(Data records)
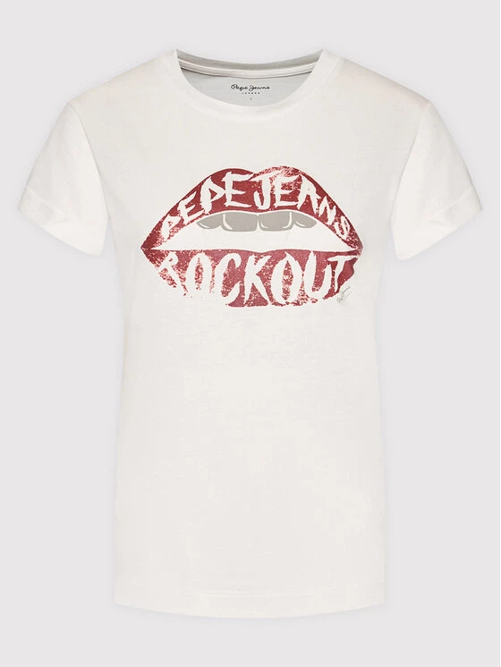 Pepe Jeans Γυναίκες T-shirts T-Shirt Lips PL505005 Λευκό Regular Fit
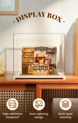 Denne kvalitetsvitrine i robust ABS-plast med afrundede kanter beskytter dine dioramaer sikkert og præsenterer dem samtidig perfekt. Den åbnbare front gør både iscenesættelse og vedligeholdelse let, så din miniaturecafé, dit bageri, drivhus eller køkken altid er klar til beundring uden støvaflejringer.
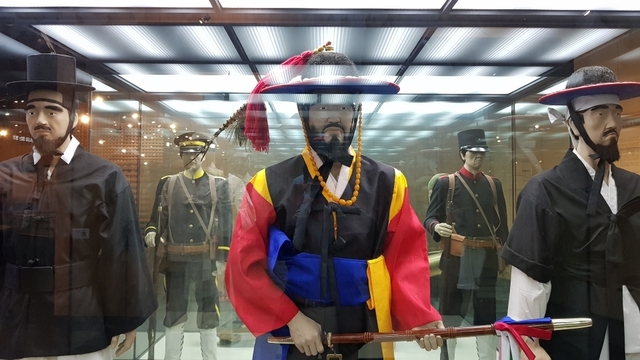 농민군의 열악함은 무기뿐만 아니라 의복에서도 나타났는데요. 전시관 한편에는 이를 잘 보여주는 마네킹이 서 있었습니다. 잘 갖춰진 관군과 일본군과 비교하면 농민군의 옷은 보잘것없습니다.
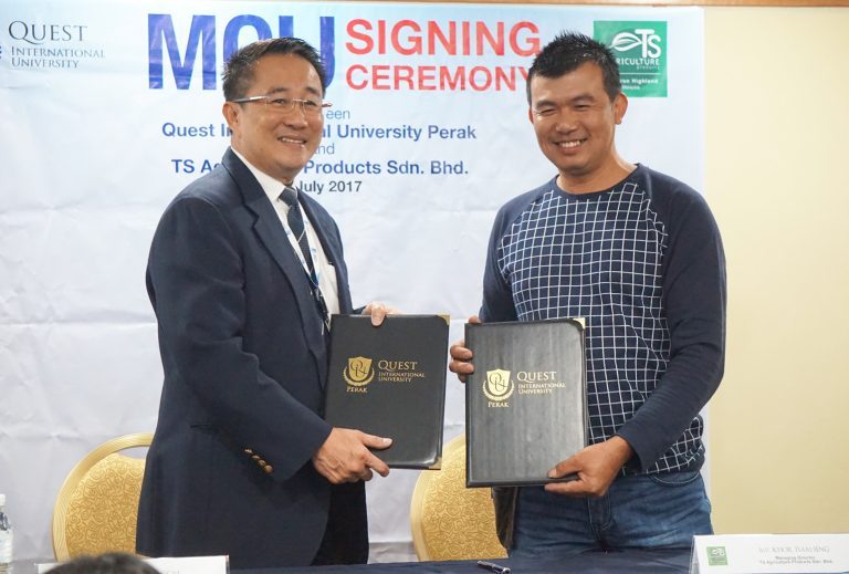 Quest International University Perak (QIUP) today inked a partnership MOU with TS Agriculture Products Sdn Bhd, one of the largest agriculture producer in Cameron Highlands, at a ceremony held at QIUP campus in Ipoh.
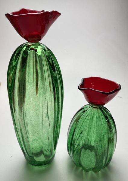 - Blown cacti, clear, sandblasted and colored with oil paint, topped with a fused flower.
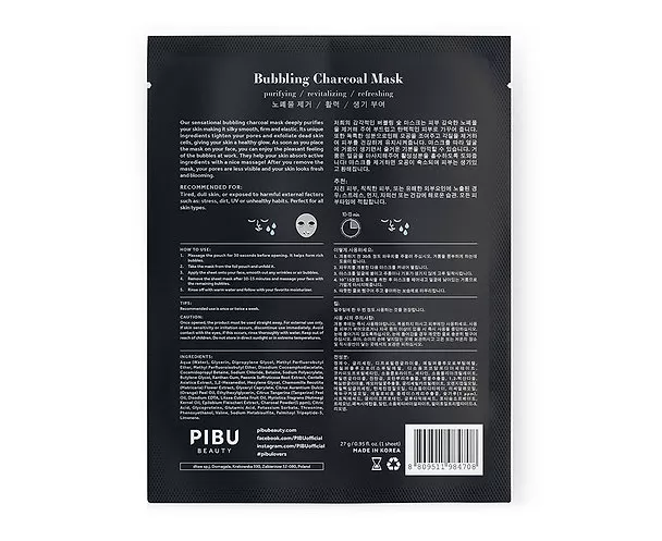 Our sensational bubbling charcoal mask deeply purifies your skin making it silky smooth, firm and elastic. Its unique ingredients tighten your pores and exfoliate dead skin cells, giving your skin a healthy glow. As soon as you place the mask on your face, you can enjoy the pleasant feeling of the bubbles at work. They help your skin absorb active ingredients with a nice massage! After you remove the mask, your pores are less visible and your skin looks fresh and blooming.
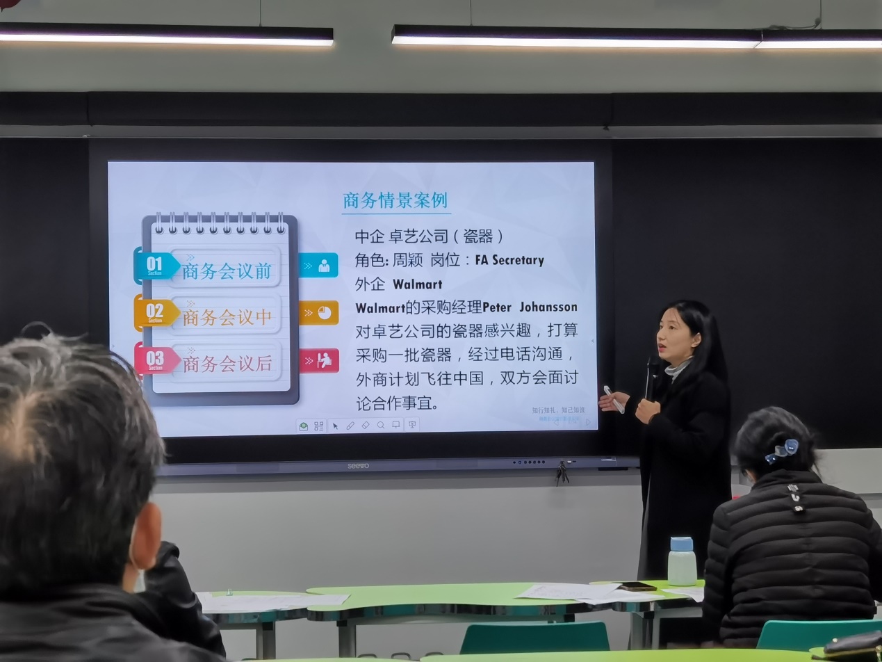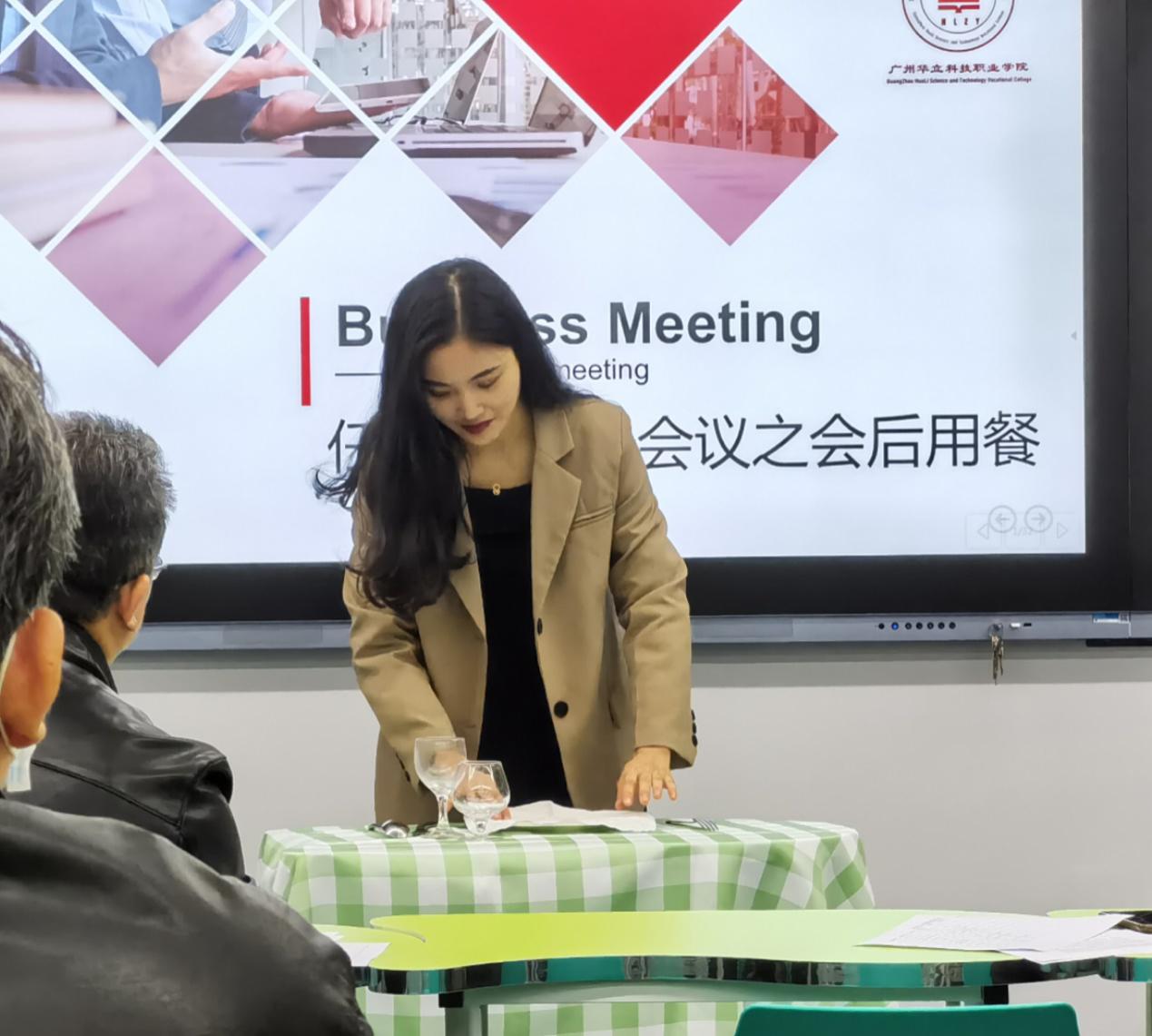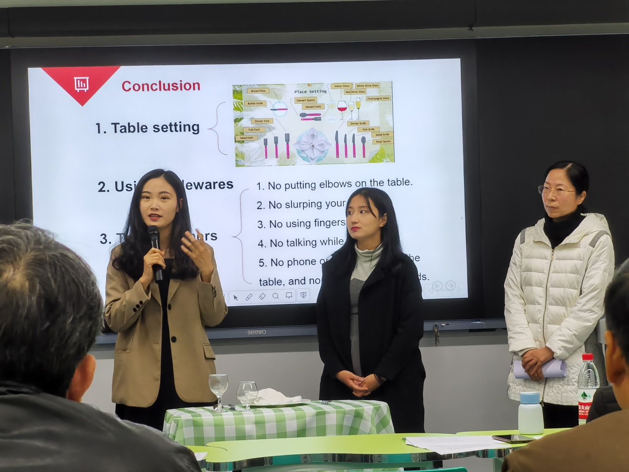 在說(shuō)課環(huán)節(jié),我院楊金玲老師圍繞教材、學(xué)情、教學(xué)目標(biāo)、教學(xué)重難點(diǎn)及教學(xué)過(guò)程等方面針對(duì)“商務(wù)會(huì)議之商務(wù)會(huì)議會(huì)后用餐”展開(kāi)闡述,語(yǔ)言流暢、教態(tài)自然、板書(shū)工整,以精彩的表現(xiàn)獲得了評(píng)委們的贊許,評(píng)委老師在肯定教師們?cè)鷮?shí)基本功的同時(shí)也提出了寶貴的意見(jiàn)和建議,本次教師能力大賽給參賽的教師提供了一個(gè)展示自我、挑戰(zhàn)自我,提高自我的機(jī)會(huì),促進(jìn)了青年教師教學(xué)能力的提升,營(yíng)造了濃郁的科組教研范圍,為我院教師的專業(yè)發(fā)展打下了堅(jiān)實(shí)的基礎(chǔ)。
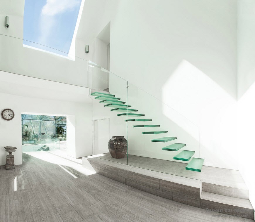 Чтобы небольшое помещение выглядело просторным, ступени, ведущие на второй этаж, можно изготовить из специально закаленного стекла. Такой ход позволит придать лестнице невесомости.
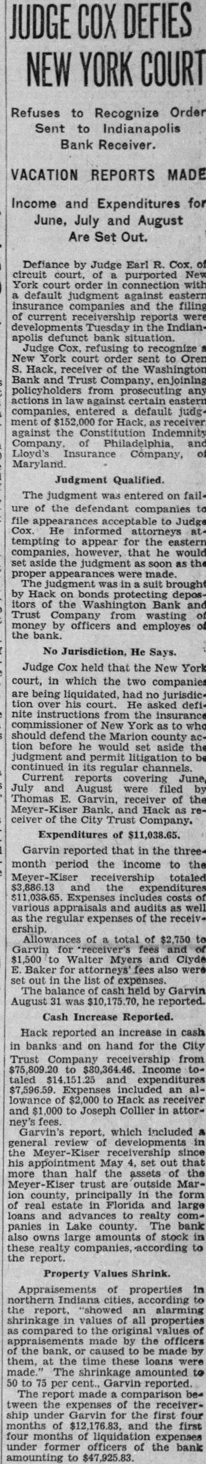 Judge Cox held that the New York court, in which the two companies are being liquidated, had no jurisdicasked definite instructions from the insurance commissioner New York as to who should defend the Marion county tion before he would aside the judgment and permit continued in Current reports July August were Thomas Garvin, receiver the Hack ceiver the City Trust Company. Expenditures of $11,038.65.
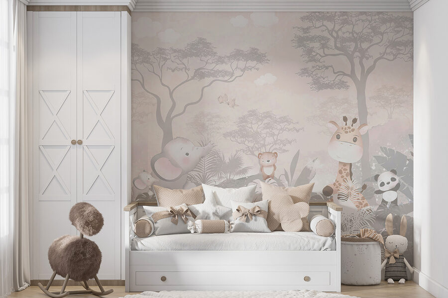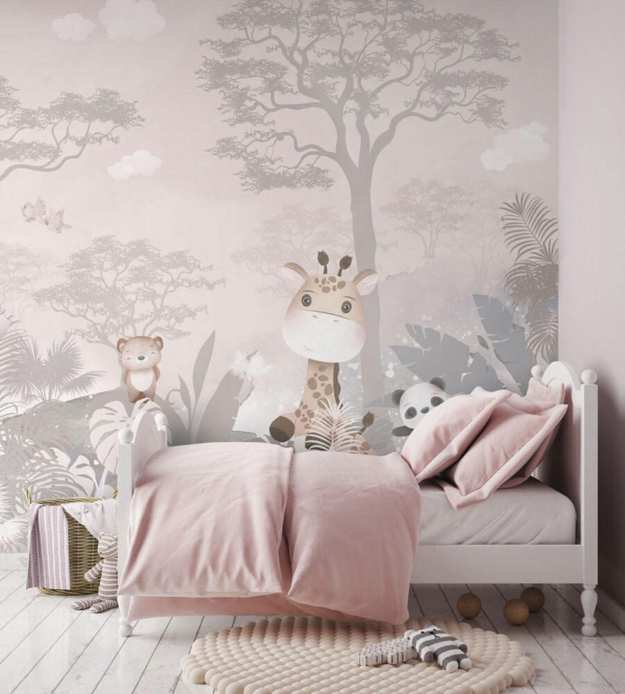 Hallo daar! Heb je de muurschildering “Giraffe zit in een boom” al gezien? Het is het soort kunstwerk dat je direct in een magische, grillige wereld brengt. Deze muurschildering is perfect voor kinderkamers – of zelfs voor het kind in elke volwassene – en laat een heerlijk serene giraffe zien die nonchalant neerstrijkt tussen vriendelijke, breedogige bosvrienden zoals een olifant, panda en beer. De zachte pastelkleuren geven zo’n rustgevende sfeer; het is bijna een slaapliedje voor je muren. Zie je je kleintje er al naar staren voor het slapengaan, terwijl ze verhaaltjes vertelt over de avonturen die deze dieren kunnen beleven? Het is niet zomaar een muurschildering; het is een uitnodiging voor een dromerige ruimte vol verhalen waar de verbeelding de vrije loop kan gaan. Bovendien kun je er elke kamer mee opfleuren met een dosis charme en een vleugje vrolijkheid!
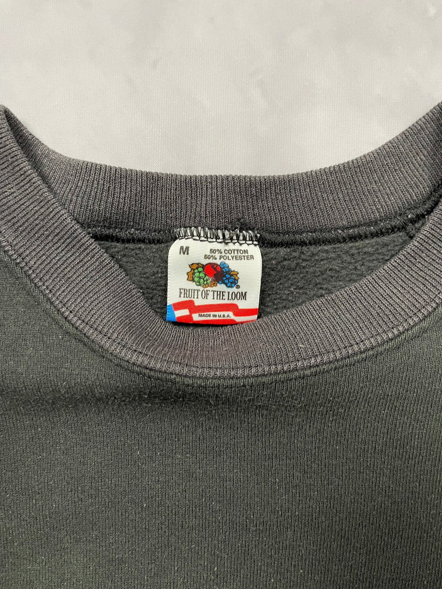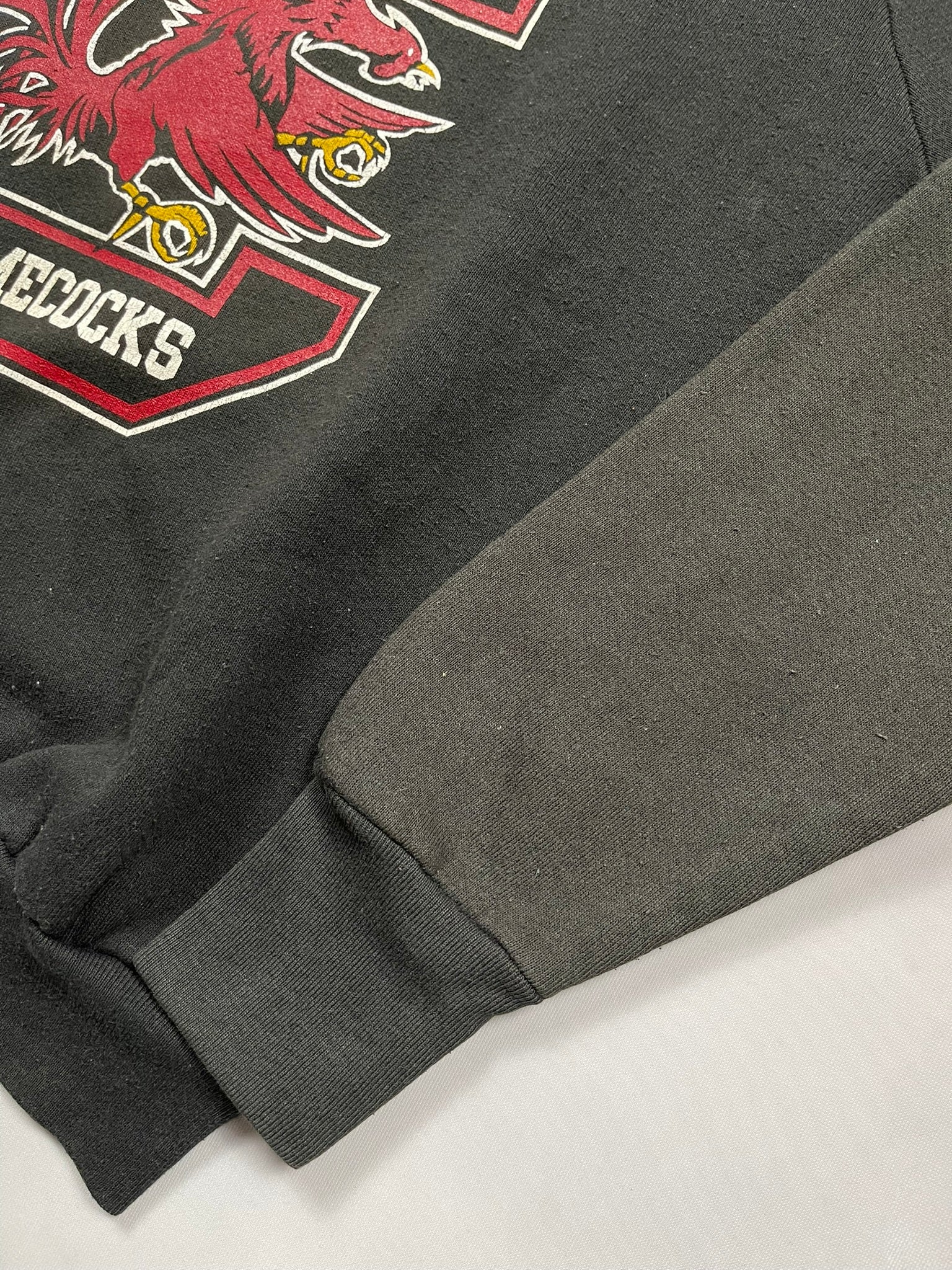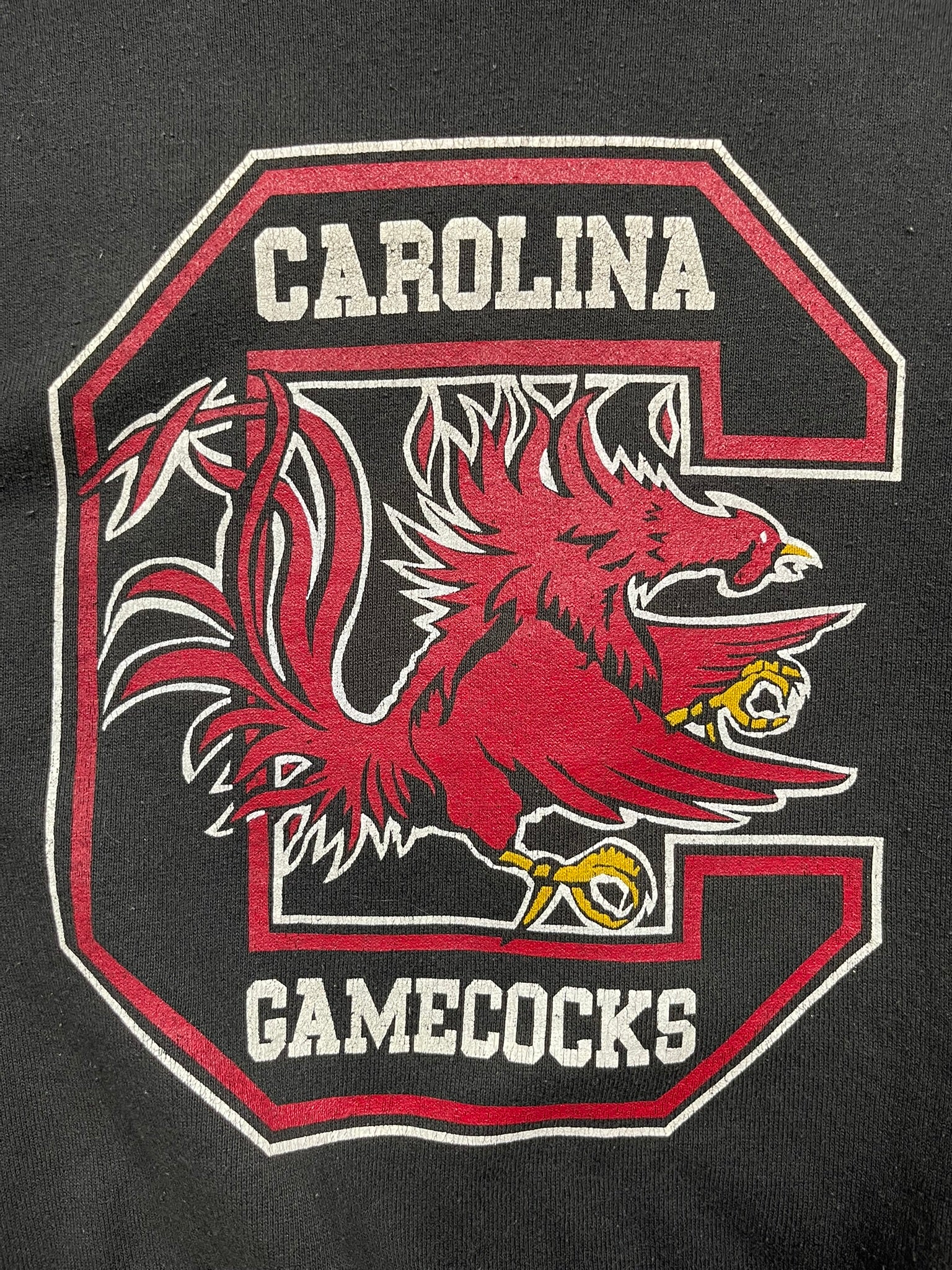 Early 90s South Carolina Gamecocks crewneck on a faded black Fruit of the Loom sweater, made in USA. Bold front graphic with the classic Gamecock mascot and varsity block “C” — a staple piece of vintage NCAA college sportswear. Raglan sleeves and sun-faded tone shifts throughout give it a naturally worn, two-tone look. Great pickup for collectors of 90s university sweatshirts or South Carolina fans chasing that old-school heat.

Task brief — Your answer must be an exact copy of the lines from the start of the entries through the line with "在說(shuō)課環(huá", with no pictures.

Solution below —
 Pepe Jeans Γυναίκες T-shirts T-Shirt Lips PL505005 Λευκό Regular Fit
 Denne kvalitetsvitrine i robust ABS-plast med afrundede kanter beskytter dine dioramaer sikkert og præsenterer dem samtidig perfekt. Den åbnbare front gør både iscenesættelse og vedligeholdelse let, så din miniaturecafé, dit bageri, drivhus eller køkken altid er klar til beundring uden støvaflejringer.
 농민군의 열악함은 무기뿐만 아니라 의복에서도 나타났는데요. 전시관 한편에는 이를 잘 보여주는 마네킹이 서 있었습니다. 잘 갖춰진 관군과 일본군과 비교하면 농민군의 옷은 보잘것없습니다.
 Quest International University Perak (QIUP) today inked a partnership MOU with TS Agriculture Products Sdn Bhd, one of the largest agriculture producer in Cameron Highlands, at a ceremony held at QIUP campus in Ipoh.
 - Blown cacti, clear, sandblasted and colored with oil paint, topped with a fused flower.
 Our sensational bubbling charcoal mask deeply purifies your skin making it silky smooth, firm and elastic. Its unique ingredients tighten your pores and exfoliate dead skin cells, giving your skin a healthy glow. As soon as you place the mask on your face, you can enjoy the pleasant feeling of the bubbles at work. They help your skin absorb active ingredients with a nice massage! After you remove the mask, your pores are less visible and your skin looks fresh and blooming.
 在說(shuō)課環(huán)節(jié),我院楊金玲老師圍繞教材、學(xué)情、教學(xué)目標(biāo)、教學(xué)重難點(diǎn)及教學(xué)過(guò)程等方面針對(duì)“商務(wù)會(huì)議之商務(wù)會(huì)議會(huì)后用餐”展開(kāi)闡述,語(yǔ)言流暢、教態(tài)自然、板書(shū)工整,以精彩的表現(xiàn)獲得了評(píng)委們的贊許,評(píng)委老師在肯定教師們?cè)鷮?shí)基本功的同時(shí)也提出了寶貴的意見(jiàn)和建議,本次教師能力大賽給參賽的教師提供了一個(gè)展示自我、挑戰(zhàn)自我,提高自我的機(jī)會(huì),促進(jìn)了青年教師教學(xué)能力的提升,營(yíng)造了濃郁的科組教研范圍,為我院教師的專業(yè)發(fā)展打下了堅(jiān)實(shí)的基礎(chǔ)。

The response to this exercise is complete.